A wave of tech layoffs is sweeping through the industry, driven not by poor performance but by executive confidence in AI agents, “confidence that may be running well ahead of reality”.
The most striking example came on May 21, when ClickUp founder Zeb Evans announced a 22% workforce cut, roughly 290 of 1,300 employees. The reason wasn’t financial pressure. Evans framed it as a structural bet: the company now runs around 3,000 internal AI agents, a three-to-one bot-to-human ratio. Remaining employees are being offered salaries up to $1 million for those who generate “100x impact” by managing these agents.
Evans said the quiet part aloud, these roles, in his view, are simply obsolete.
He’s not alone. The same week, Meta cut thousands of roles despite strong revenues, Oracle reduced headcount, and GitLab restructured around what it calls “the agentic era.” Layoff trackers estimate over 100,000 tech workers have lost jobs across roughly 250 companies in 2026 so far, nearly matching all of 2025, with seven months still to go.
The problem? The evidence that AI agents can carry this load doesn’t yet exist.
A 2026 NBER survey of nearly 750 executives found real AI productivity gains, but also a troubling “productivity paradox,” perceived gains running well ahead of measured ones. Separately, METR found that workers overestimated AI’s effect on their task time by 40 percentage points on average. Executives, who mostly experience AI through polished demos rather than messy real-world implementation, sit at the furthest end of this distortion.

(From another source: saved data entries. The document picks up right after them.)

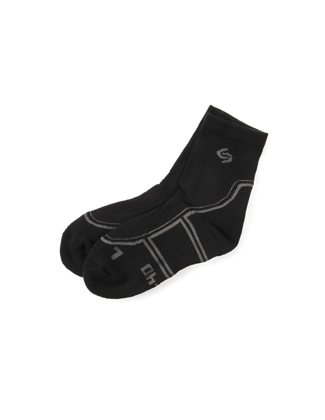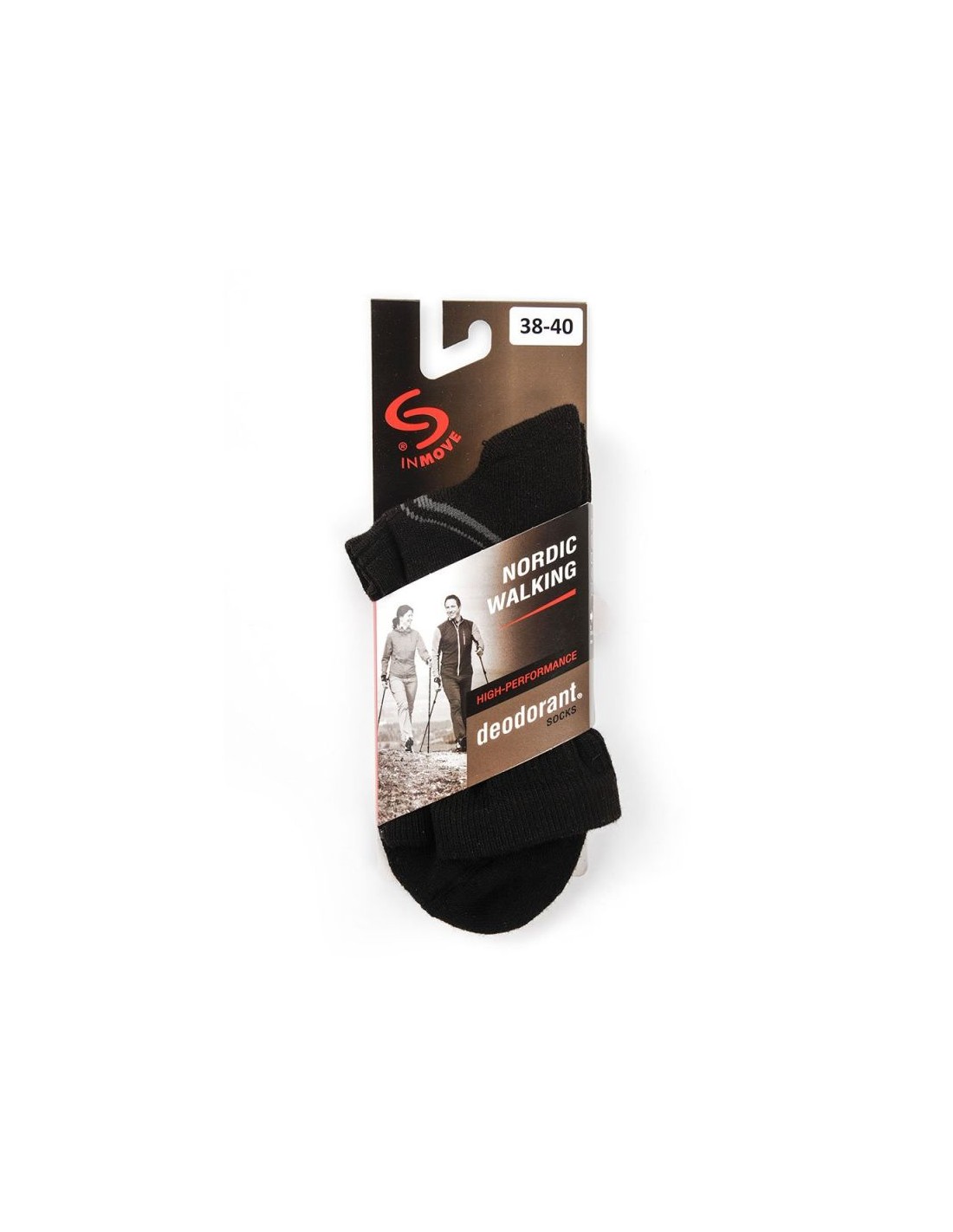 Κάλτσες για σκανδιναβικό περπάτημα και πεζοπορία. Τριφασική, εσωτερική πετσετέ με προφίλ απορροφά τους κραδασμούς και προστατεύει τα ευαίσθητα μέρη του ποδιού από εκδορές και τραυματισμούς. Η μοναδική, καινοτόμος κατασκευή των ινών νήματος COOLMAX ® εξασφαλίζει μέγιστη άνεση χρήσης, διατηρώντας τη σωστή θερμοκρασία και απομακρύνοντας την υγρασία. Χάρη σε αυτό, το πόδι έρχεται σε επαφή με μαλακό, πάντα στεγνό πλεκτό. Εάν οι κάλτσες βραχούν, ο χρόνος στεγνώματος είναι πολύ μικρότερος από ό,τι για τις βαμβακερές κάλτσες, γεγονός που είναι σημαντικό όταν χρησιμοποιούνται σε ακραίες συνθήκες. Οι κάλτσες προσαρμόζονται στο ανατομικό σχήμα του αριστερού (L) και του δεξιού (R) ποδιού μέσω ενός κατάλληλα διαμορφωμένου τμήματος από πετσετέ. Το LYCRA ® σε όλο το προϊόν εξασφαλίζει άριστη πρόσφυση στο πόδι. Μια ελαστική ζώνη στο μέσο του ποδιού αποτρέπει την ολίσθηση της κάλτσας κατά την κίνηση. Κατάλληλα διαμορφωμένη πλέξη στη φτέρνα (σχήμα "Y"), προσκολλάται τέλεια στο πόδι και σταθεροποιεί την κάλτσα. Οι εγκάρσιες λωρίδες διευκολύνουν την τοποθέτηση της κάλτσας στην κάμψη του ποδιού. Το τμήμα της κάλτσας που δεν φέρει φορτίο πάνω από το πόδι είναι λεπτότερο, το οποίο, σε συνδυασμό με το νήμα COOLMAX ®, επιταχύνει σημαντικά τη μεταφορά υγρασίας. Η άνεση συμπληρώνεται από μια επίπεδη, μαλακή ραφή "Rosso" πάνω από τα δάχτυλα των ποδιών. Το φινίρισμα SANITIZED ® παρέχει αποτελεσματικές αντιβακτηριακές, αντιμυκητιασικές και αντιοσμητικές ιδιότητες.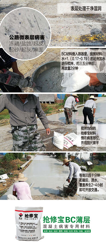 搶修寶BC薄層修補材料,可實現(xiàn)3毫米以上的超薄層快速修補,美觀度高,而且具有防凍和抗腐蝕性能。農(nóng)村公路的起砂病害用搶修寶BC薄層修補材料進行修補,受到了甲方及施工單位的認可,并且建立長期合作。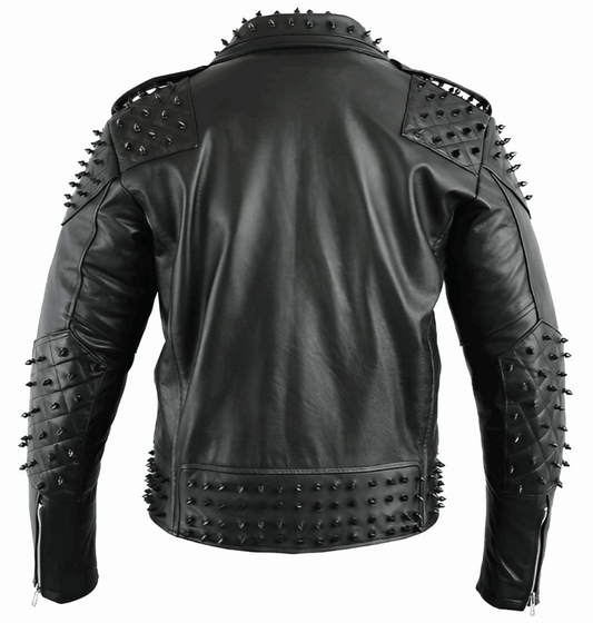 Men's Studded Black Biker Leather Jacket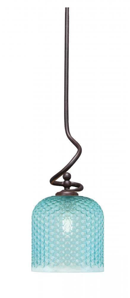 Capri Stem Hung Mini Pendant Shown In Dark Granite Finish With 7 Turquoise Textured Glass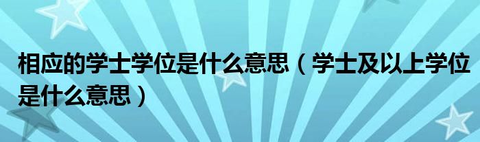 关于相应的学士学位是什么意思,学士及以上学位是什么意思这个很多人还不知道,今天菲菲来为大家解答以上的问题,现在让我们一起来看看吧!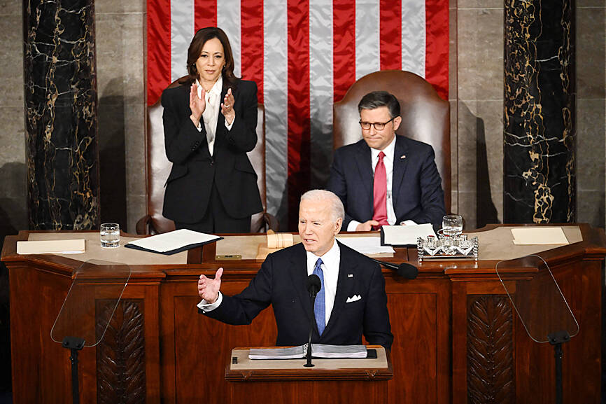 US President Joe Biden on Thursday vowed to support peace and stability across the Taiwan Strait, the first time he has done so in a state of the union address.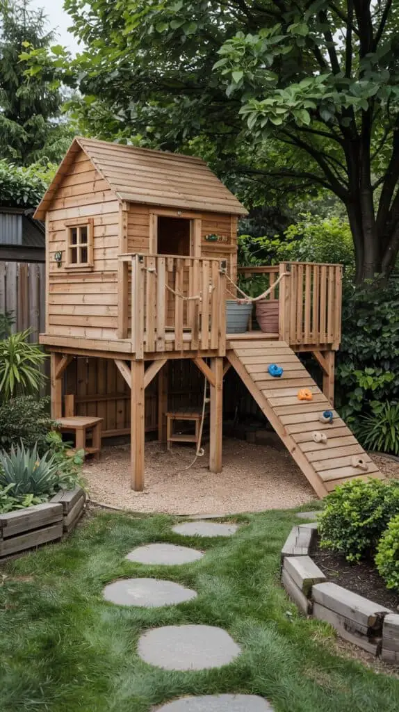For uneven or sloped backyards, a raised wooden play platform can be a game-changer. Build a small deck for climbing, sliding, pretend play, or even family picnics. Add a rope railing or a little lookout window to spark imagination. Surround it with shrubs, shade plants, or simple stepping paths and you instantly have a charming woodland retreat right at home. This is also perfect for families who want a long-lasting structure that ages beautifully with the garden.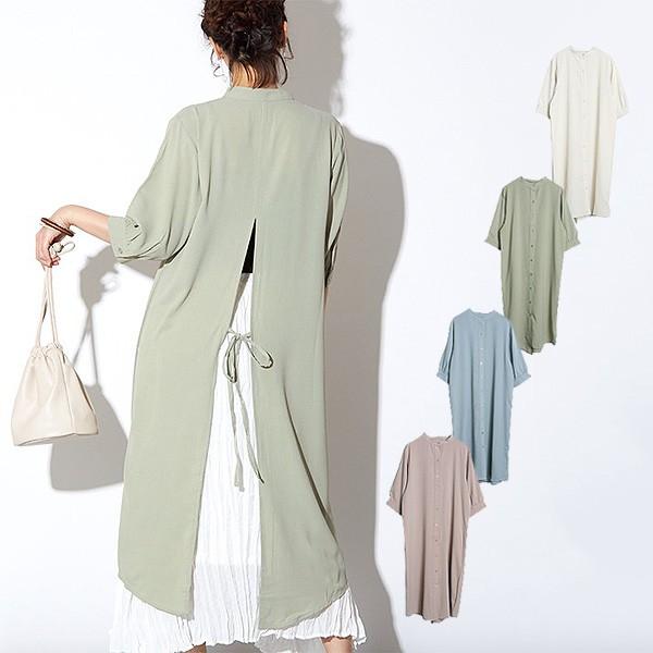 ワンピース シャツワンピース レディース きれいめ 上品 ロング丈 膝下 スリット 無地 7分袖 6分袖 春夏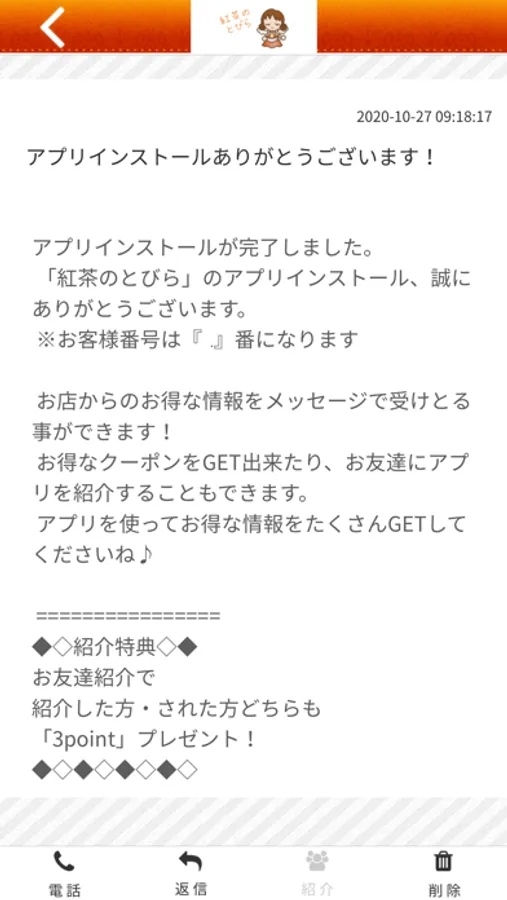 紅茶のとびらのアプリをSNSを通じてお友達に紹介する事ができます。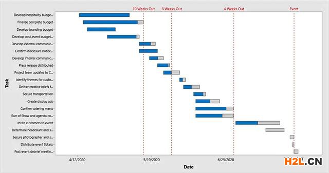 當每個人都使用標準的甘特圖模板(例如Minitab Workspace中的版本)時,溝通甚至會更加強大。甘特圖也非常適合與高管和利益相關者交流高級計劃和狀態(tài)更新,而任務甘特圖(如下所示)則更好地顯示和與工作團隊更詳細地交流工作進度。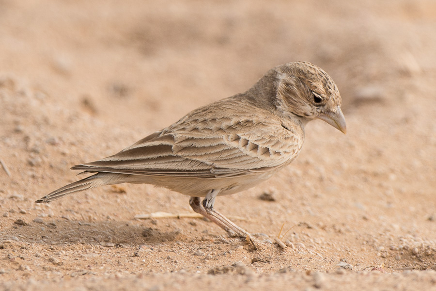 Kleine Lerche mit kräftigem, kegelförmigem Schnabel mit stark gekrümmtem First; keine Handschwingenprojektion. Sandbraune Oberseite; im Flug Unterflügel dunkel und Schwanzseiten schwärzlich.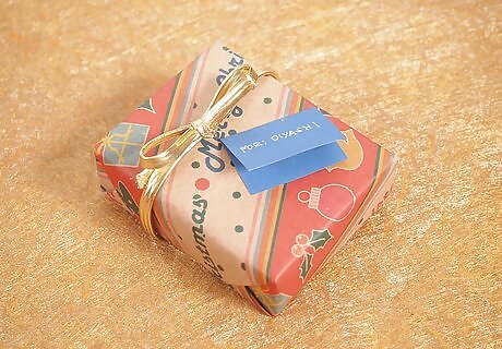 Cut a small rectangle and fold it in half and write the person its from (you) and the person it's going to. Add a bow and your done!

PwC’s 2026 research adds more nuance: three-quarters of AI’s measurable economic gains are going to just 20% of companies, and those leaders are winning through slow, deliberate reinvention with heavy investment in training people, not just deploying tools. A majority of enterprises using generative AI still report no measurable impact on profitability.
Even optimistic forecasts don’t justify the urgency. MIT researchers concluded that AI agents will handle most text-based work at minimally sufficient quality by 2029, with agents consistently outperforming humans a few years after that. That’s a reasonable planning horizon, not a basis for cutting a fifth of your workforce today.
The core mistake executives are making is confusing the demo for the destination. The demo always works. Real implementation is where hallucinations slip through, edge cases pile up, and human judgment quietly holds things together.
Companies acting on honest, measured assessments of AI capability will build real advantages. Those mistaking confidence for evidence may find the cost arrives a quarter or two after the headcount is already gone.